Eckhardt v. Qualitest Pharmaceuticals reviewed tort claims under Texas law against generic drug manufacturers. No. 13-40151 (May 15, 2014). The Fifth Circuit found that labeling claims were preempted under PLIVA, Inc. v. Mensing, 131 S. Ct. 2567 (2011), and products liability claims were preempted under Mutual Pharmaceutical Co. v. Bartlett, 133 S.Ct. 2466 (2013). Misrepresentation claims against brand-name drug manufacturers were rejected under state law for lack of a duty from them to generic-drug users. Law360 provides some further discussion.
Several Louisiana parishes sought damages under a state statute for damages arising from the Deepwater Horizon incident. In re Deepwater Horizon, No. 12-30012 (Feb. 24, 2014). Condensing a much more nuanced opinion — the Fifth Circuit held that the claims were preempted by the Clean Water Act under International Paper v. Oulette, 479 U.S. 481 (1987), because the pollution arose from a source outside Louisiana.

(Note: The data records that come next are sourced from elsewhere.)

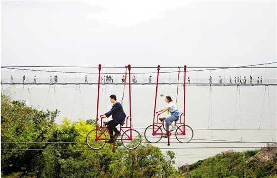 上栈头村的高空自行车项目很受年轻游客欢迎。 拍友 王萍晓 摄
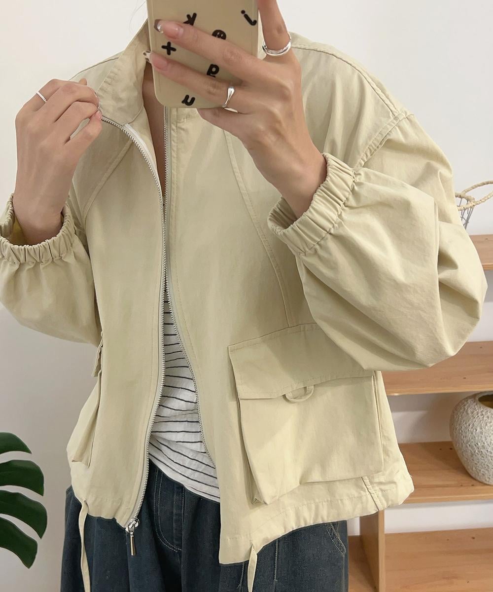 シンプルながらもウエスト部分のギャザーがポイントのショートジャケット。春や秋の季節の変わり目にぴったりの万能アイテムです。
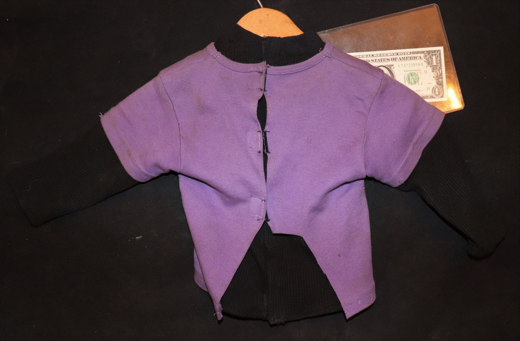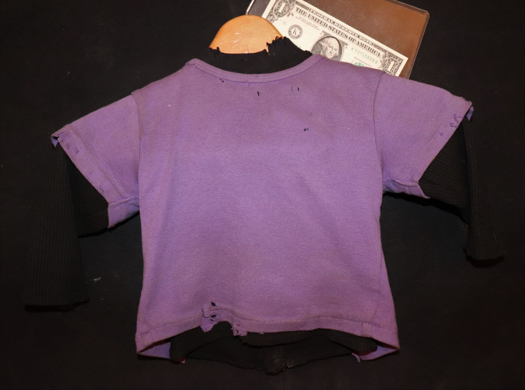 This is a Screen Used Tee Shirt and Sweater worn on the Hero Glenn Puppet in SEED OF CHUCKY. Both have velcro to seal up rear. This is the shirt and sweater worn in the pissing pants scene. The cut out is for the cables to come out rear, as apposed to down through the floor.
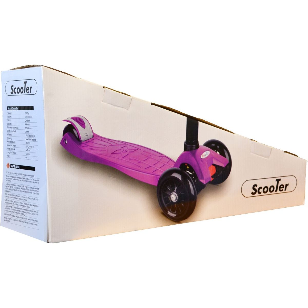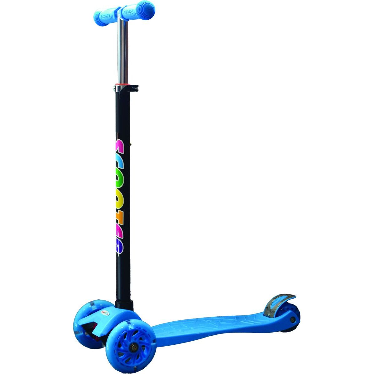 Bezpečná a stabilní dětská tříkolová koloběžka s integrovanými LED světly v kolech pro zvýšenou viditelnost.
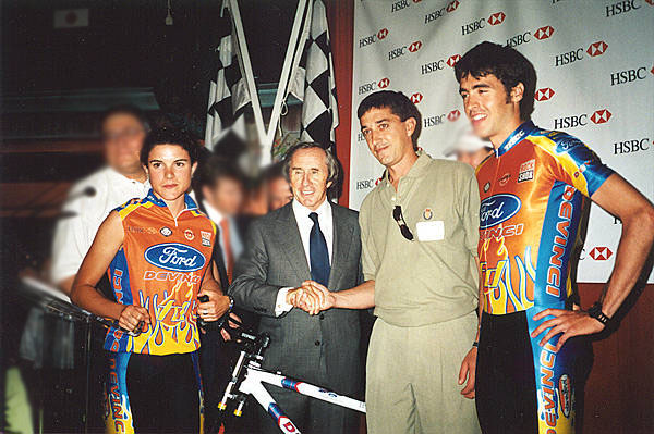 Mélanie, l´ex-champion coureur automobile Jackie Stewart recevant un vélo en cadeau de
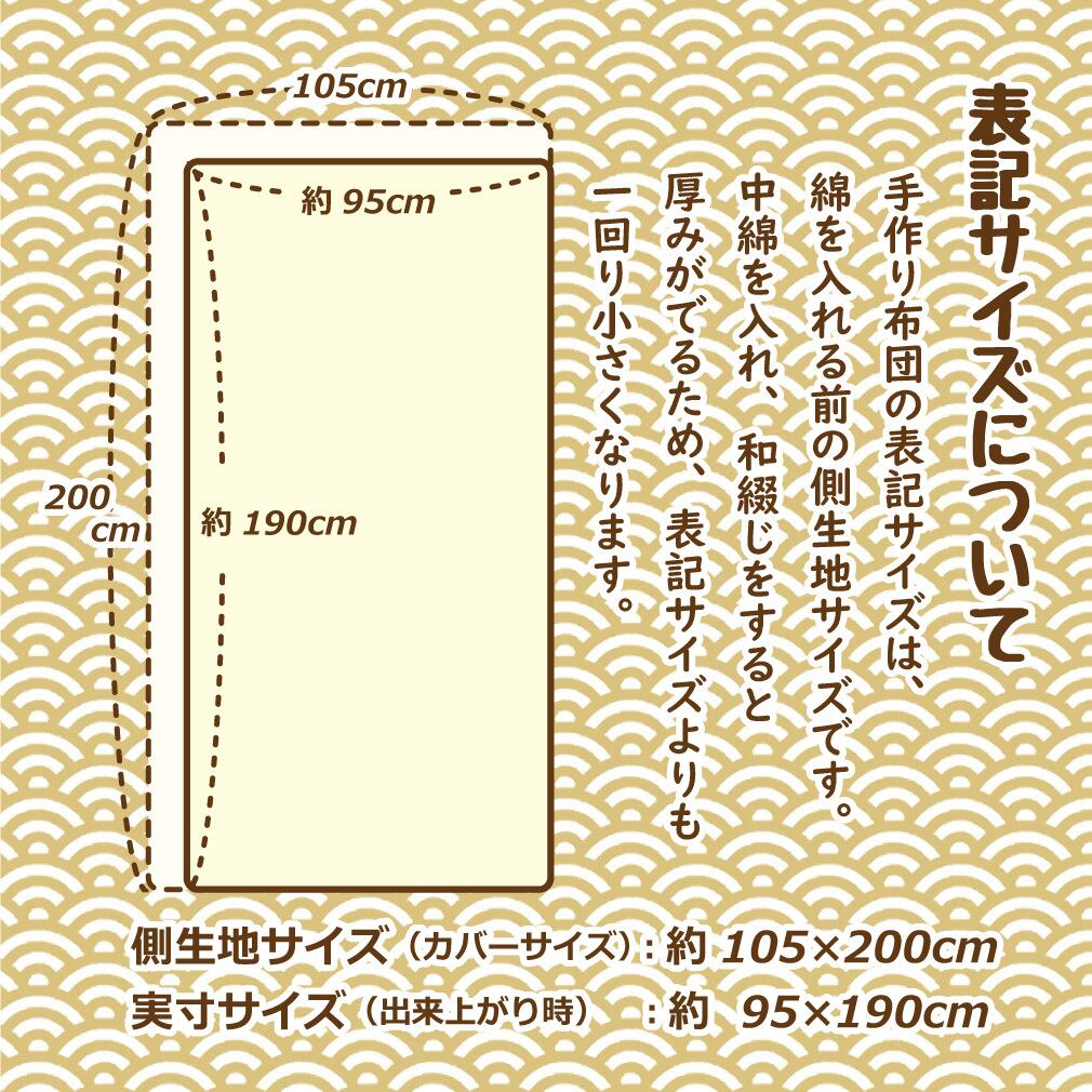 ● 側生地サイズ:100×200cm(出来上がりは綿を入れるため少し短めになります)

The Court rejected arguments that the Oil Pollution Act of 1990 (prompted by the Valdez disaster) changed that analysis, and concluded that the Supreme Court ruled consistently with this result in Arkansas v. Oklahoma, 503 U.S. 91 (1992).
In a straightforward analysis of “conflict preemption,” the Fifth Circuit agreed that the Federal Power Act (the enabling statute for FERC) “preempts property damage claims under state law where the claim alleges negligence for failing to act in a manner FERC expressly declined to mandate while operating a FERC-licensed project.” Simmons v. Sabine River Authority, No. 12-30494 (Oct. 9, 2013). Here, plaintiffs claimed damages from flooding after spillway gates along the Sabine River were opened in late 2009; the Court concluded that the claims “infringe on FERC’s operational control” because “FERC, not state tort law, must set the appropriate duty of care for dam operators.”